I do not yet fully understand the Cells abstraction. However, looking at the code here it seems that Resumed is a terminal state. If that is the case, then it may be safe to always exchange the state to Resumed. Like I said, I do not yet fully understand Cells so this might be wrong.

However, assuming that exchanging to Resumed is a safe, then the above could be changed to eliminate the aux loop:

let rec resume t = let cell = Cells.next_resume t.cells in match (Atomic.exchange cell Resumed : cell) with | Request r -> (* The common case: there was a waiter for the value *) r () | (Cancelled (* The waker had finished cancelling. Ignore it and resume the next one. *) | Resumed (* We lost the race. Ignore and resume the next one. *)) -> resume t | (Empty (* The consumer had reserved this cell but not yet stored the request. We placed Resumed there and the consumer will handle it soon. *) | Cancelling (* The waker had started cancelling. We let it know we want to resume it and then let it handle it. *)) -> ()

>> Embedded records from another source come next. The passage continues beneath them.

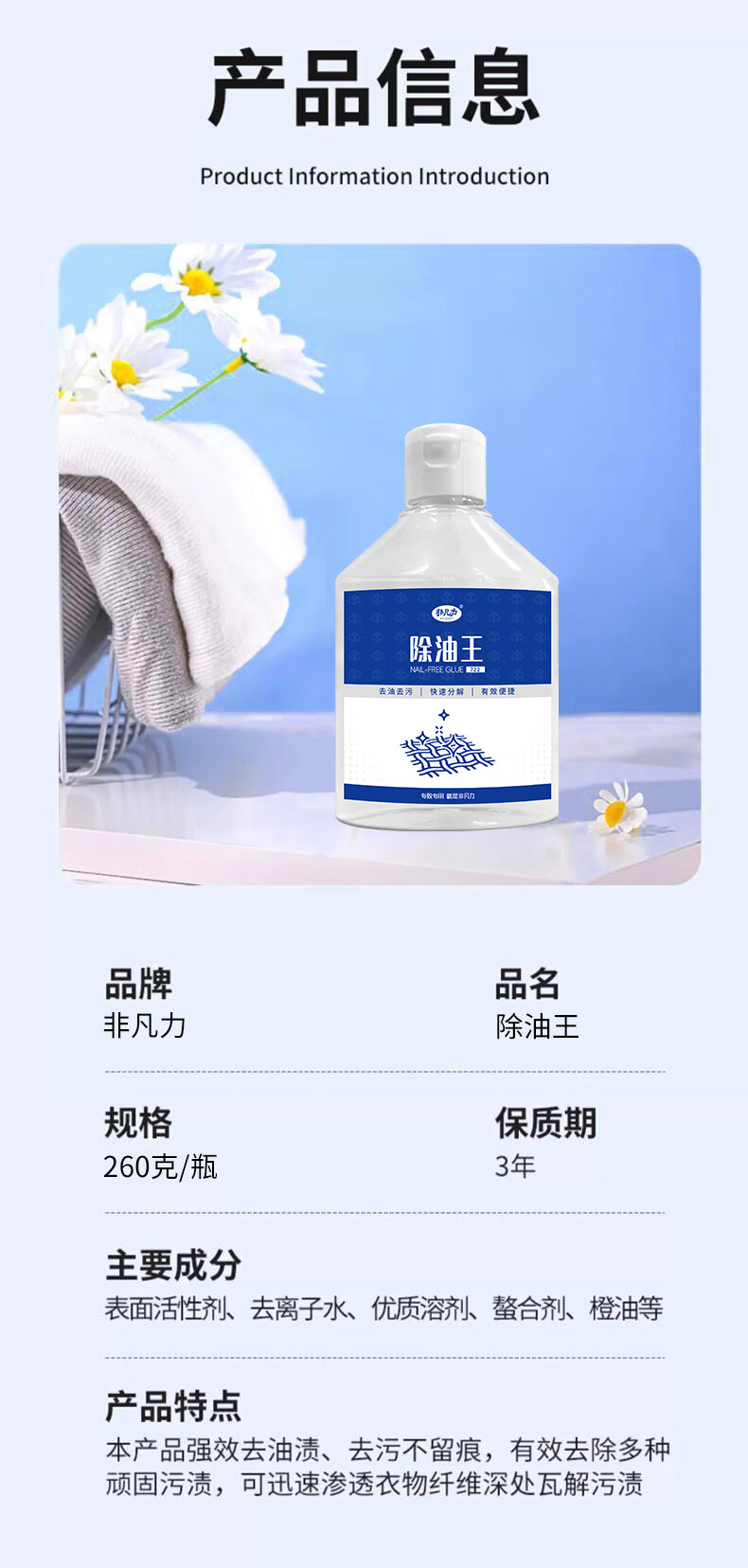 非凡力强力油污清洁剂溶解剂衣服油渍残留去除剂去油清洁剂 【特价】除油清洁剂260g*5瓶 无规格
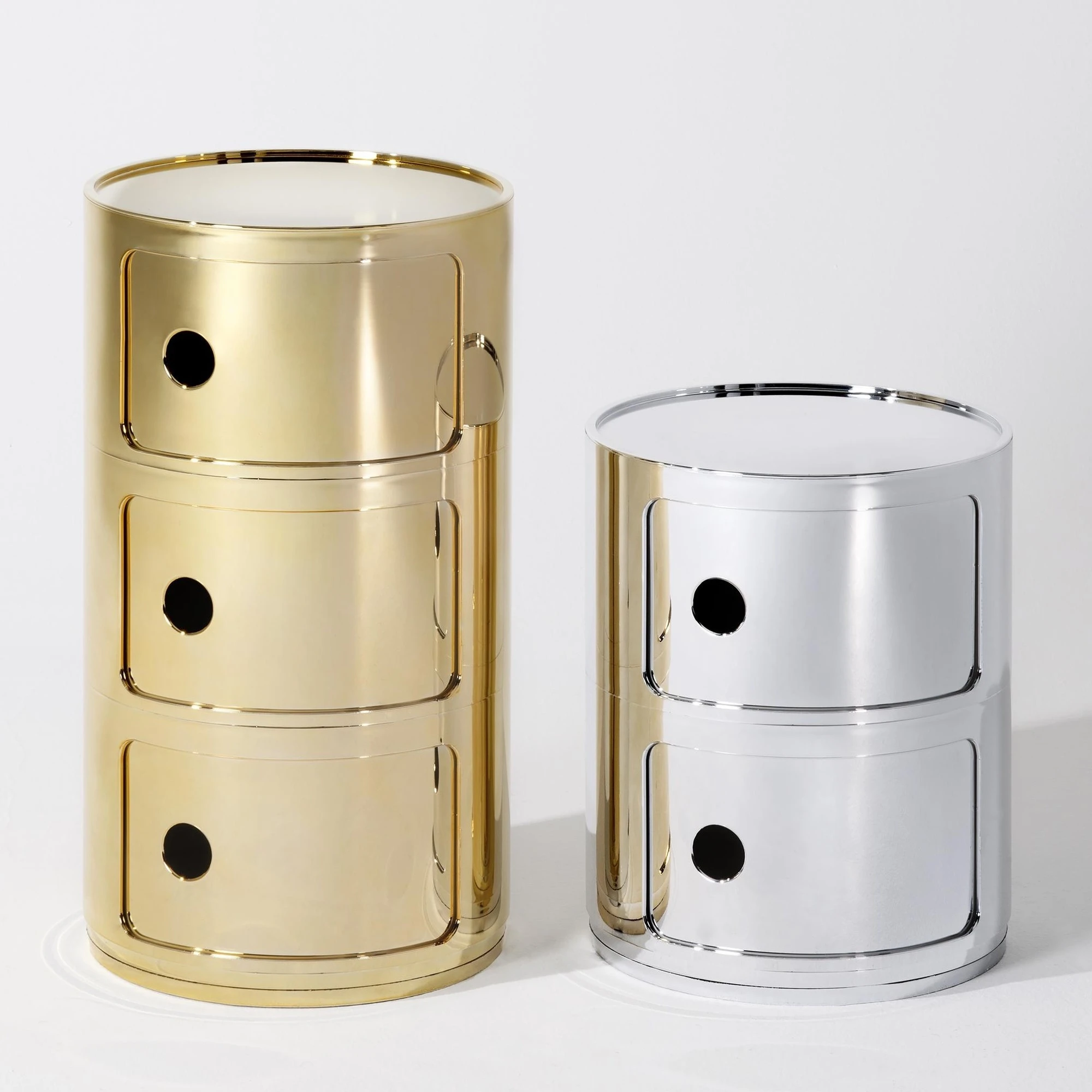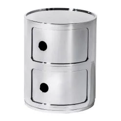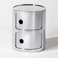 Der Componibili 2 Metallic Container wurde von Anna Castelli Ferrieri für die Marke Kartell entworfen. Er ist Teil einer Serie von Aufbewahrungsmöbeln, deren System auf einem Entwurfskonzept aus dem Jahr 1967 basiert. Die Kollektion umfasst modulare Modelle, die sich einfach übereinanderstapeln lassen.
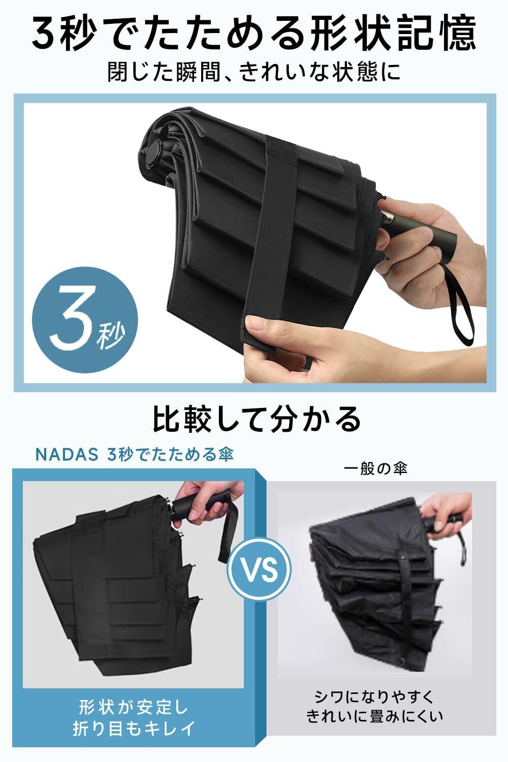 【形状記憶・3秒でたためる 折りたたみ傘】独自の形状記憶構造を採用した形状記憶 折りたたみ傘は、使用後に生地が自然に整い、誰でも簡単に折り目を揃えられます。広がりやすい従来の折り畳み傘と違い、たたむ動作が非常にスムーズで、忙しい外出先でも3秒でたためる傘としてストレスなく収納可能。通勤・通学・出張時にも扱いやすい高機能な折りたたみ傘です。
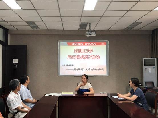2018年6月28日下午在四川大学望江校区化学馆122举行了我院2017-2018学年春季学期期末考试监考和试卷归档培训。教学科研科科长姜林老师、主考、监考老师和教学管理人员参加了此次的培训。姜林老师向大家强调了监考工作的重要性,指出监考工作是考试管理工作的重要组成部分,也是保障教学质量的重要环节,严格监考行为对建设学院良好学风的有积极的推动作用。随后,教务办公室向各位老师详细介绍了监考流程和考试作弊处理的流程。特别强调了主考老师和监考老师必须严肃考纪,提前20分钟,佩戴监考证到岗,切实做好试卷收发和证件检查等工作,坚决杜绝教学事故的发生。此次监考工作帮助我院监考老师明确监考职责和流程,以确保期末考试公平公正的进行。
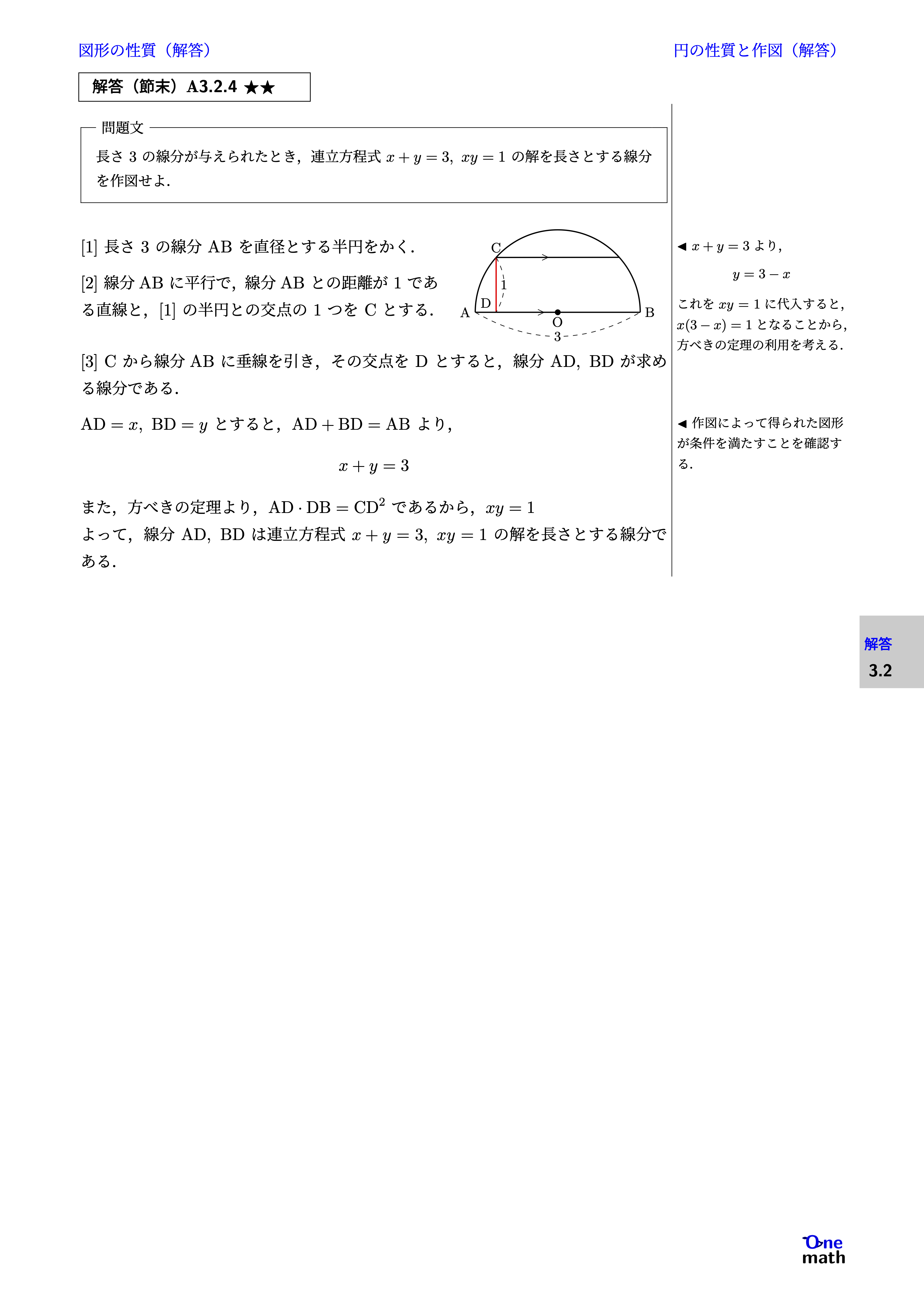 長さ3の線分が与えられたとき,連立方程式$x+y=3,x y=1$の解を長さとする線分を作図せよ.

(I edited the above to change the response to Resumed where the race was lost.)

Assuming it is safe to always set to Resumed, the above version avoids the loop overhead and only does a single atomic read-write. Assuming there are not many racing to do the same this may be slightly faster. This also likely results in a smaller amount of machine code.

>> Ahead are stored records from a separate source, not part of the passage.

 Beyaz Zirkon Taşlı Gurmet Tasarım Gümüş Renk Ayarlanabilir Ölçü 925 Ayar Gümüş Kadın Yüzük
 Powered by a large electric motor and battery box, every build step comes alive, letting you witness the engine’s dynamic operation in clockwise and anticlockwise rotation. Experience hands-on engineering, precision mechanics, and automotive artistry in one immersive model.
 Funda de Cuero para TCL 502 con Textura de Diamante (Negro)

One side-effect is that calling cancel twice currently reliably raises Invalid_argument, whereas with this it might return false. However, the only current user of this module (Semaphore) should never call cancel twice anyway.

It doesn't seem noticeably faster (with dune exec -- ./bench/bench_semaphore.exe any effect seems lost in the noise, on my machine anyway).

Assuming there are not many racing to do the same this may be slightly faster.

The only thing we can be racing with is a single consumer thread. The next_resume means this is the only resume with this cell. Likewise, there is only one suspender with this cell. And if the suspender cancels, it is required to call cancel only from the same domain.

This also likely results in a smaller amount of machine code.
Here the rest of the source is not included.